This thesis was recognized by ACLCLP Best Thesis Award (2022).
Many realworld artificial intelligence tasks come with a dual form; that is, we could directly swap the input and the target of a task to formulate another task. Machine translation is a classic example, for example, translating from English to Chinese has a dual task of translating from Chinese to English. Automatic speech recognition (ASR) and text-to-speech (TTS) also have structural duality. Given a piece of informative context, question answering and question generation are in dual form. The recent studies magnified the importance of the duality by boosting the performance of both tasks with the exploitation of the duality.
Natural language understanding (NLU) and natural language generation (NLG) are both critical research topics in the NLP and dialogue fields. The goal of natural language understanding is to extract the core semantic meaning from the given utterances, while natural language generation is opposite, of which the goal is to construct corresponding sentences based on the given semantics. However, the dual property between understanding and generation has been rarely explored.

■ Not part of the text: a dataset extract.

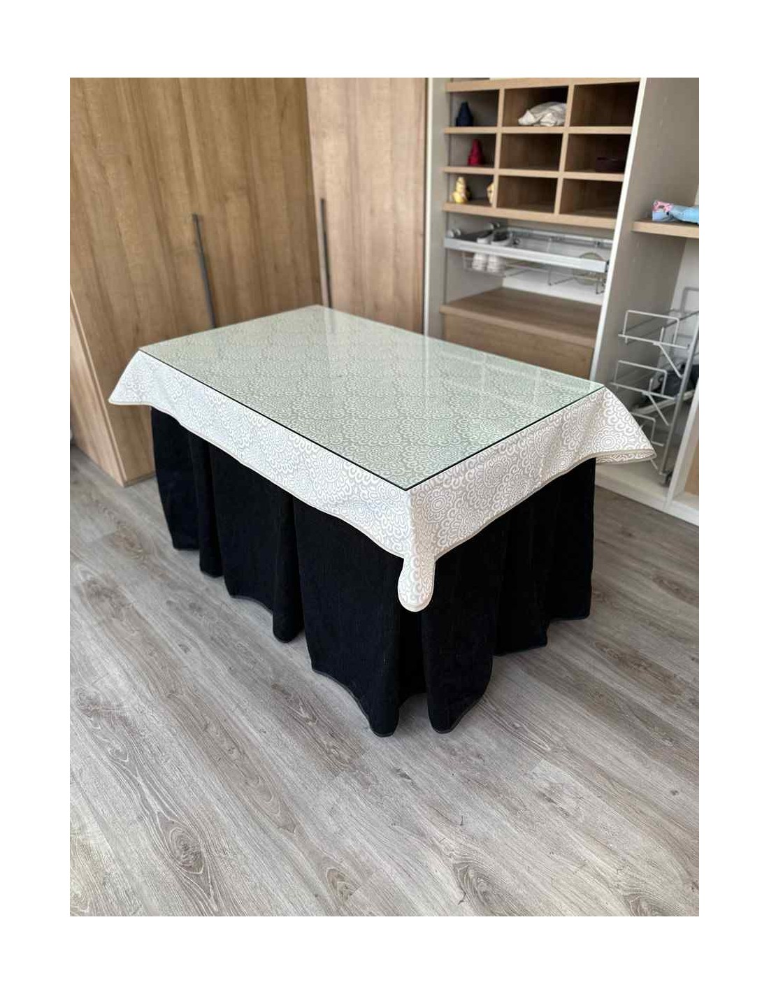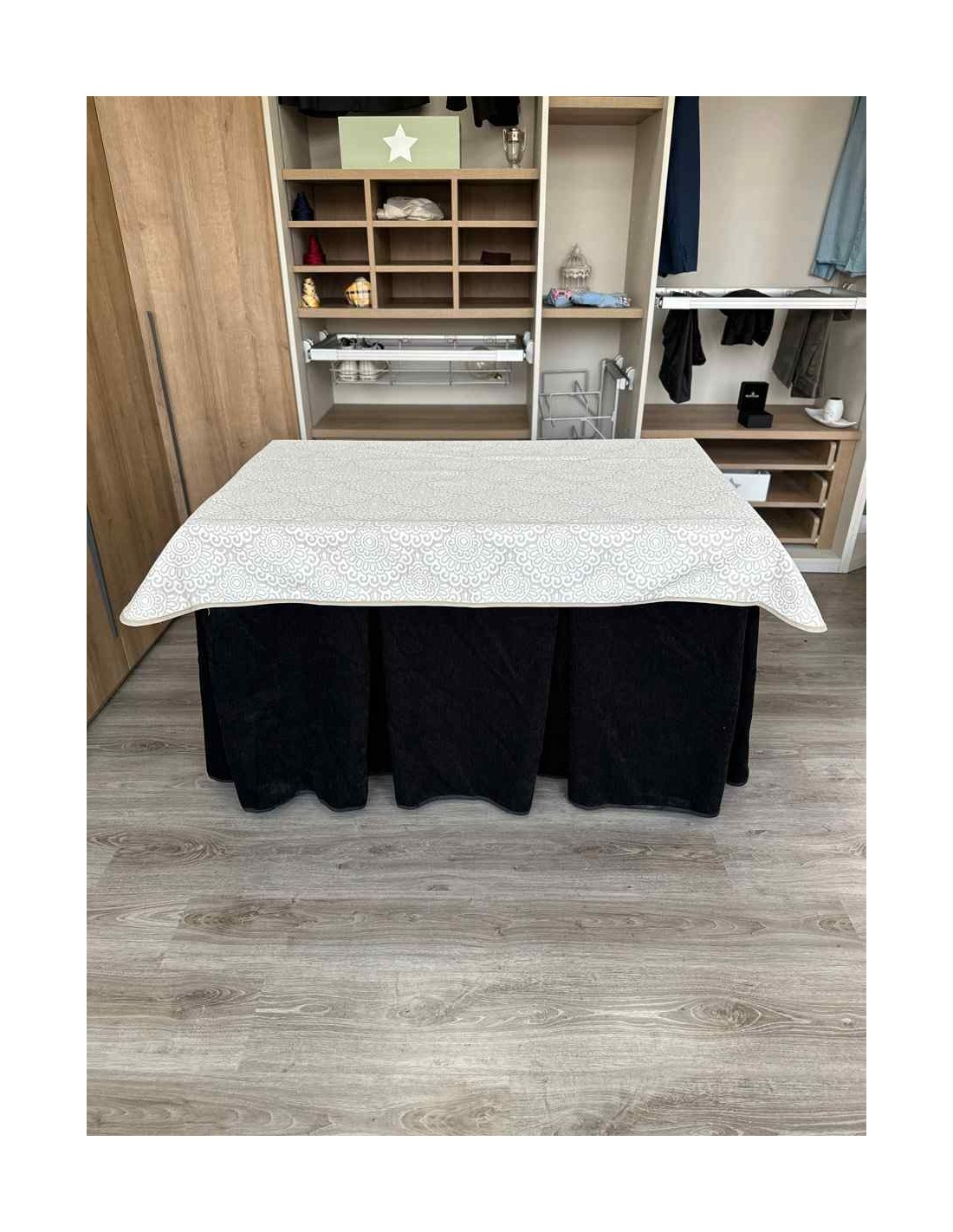 Confeccionada con 10 pliegues para mantener el calor de manera eficiente. Las tablas comunmente llamados pliegues, favorecen la retención de la temperatura impidiendo escapar el calor cuando nos sentamos en la mesa y nos cubrimos con ella. Gracias a nuestro diseño en los fuelles la falda de mesa camilla caerá cubriéndono los laterales e impidiendo que escape el calor.
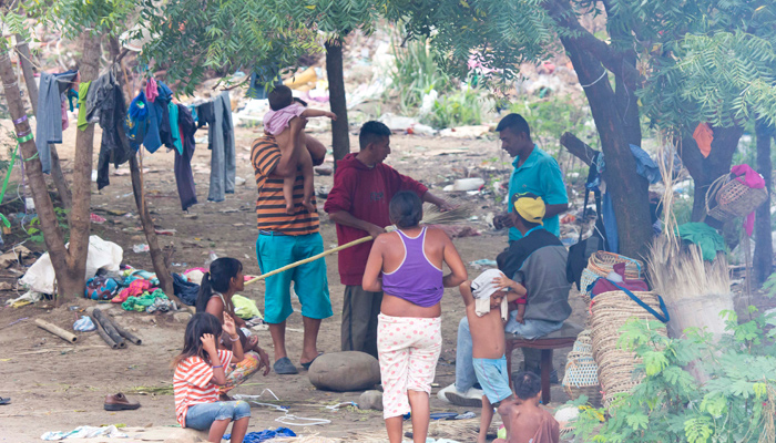Niños y mujeres de esta comunidad indígena de Venezuela deambulan por las calles e invadieron un predio en El Escobal.

This main goal of this dissertation is to investigate the structural duality between NLU and NLG. In this thesis, we present five consecutive studies, each focuses on different aspects of learning and data settings. First, we exploits the duality between NLU and NLG and introduces it into the learning objective as the regularization term. Moreover, expert knowledge is incorporated to design suitable approaches for estimating data distribution. Second, we further propose a joint learning framework, which provides flexibility of incorporating not only supervised but also unsupervised learning algorithms and enables the gradient to propagate through two modules seamlessly. Third, we study how to enhance the joint framework by mutual information maximization. Fourth, since above works exploit the duality in the training stage, hence we make a step forward to leverage the duality in the inference stage. Lastly, we finetune the pretrained language models on the two dual tasks and achieve the goal of solving two dual tasks in a single model. Each work presents a new model and learning framework exploiting the duality in different manners. Together, this dissertation explores a new research direction of exploiting the duality between language understanding and generation.